◆ RECORDED DATA:
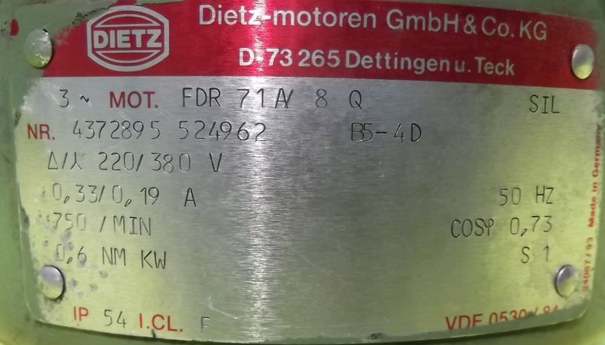 Tipo de máquina: Gear motor 0.6 kW 30 rpm
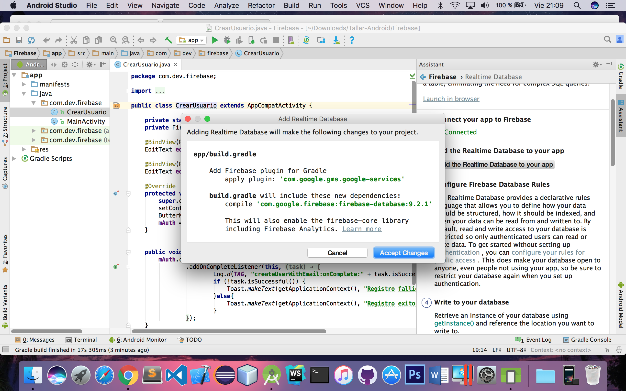 Vamos al Android Studio Tools->Firebase->Realtime Firebase
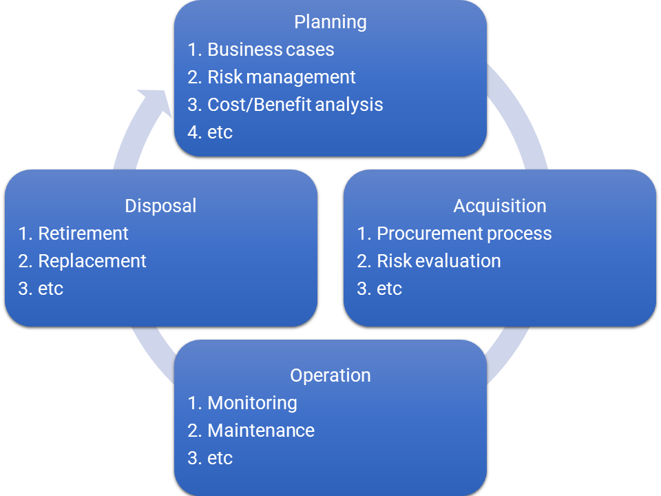 In other words, asset management defines processes and procedures for optimizing the return-on-investment (ROI) π° from assets across the four phases of their life-cycles.

◆ TASK TO COMPLETE: Repeat all the data as it stands, dropping any images it holds.

◆ SOLUTION TO THIS TASK:
 Tipo de máquina: Gear motor 0.6 kW 30 rpm
 Vamos al Android Studio Tools->Firebase->Realtime Firebase
 In other words, asset management defines processes and procedures for optimizing the return-on-investment (ROI) π° from assets across the four phases of their life-cycles.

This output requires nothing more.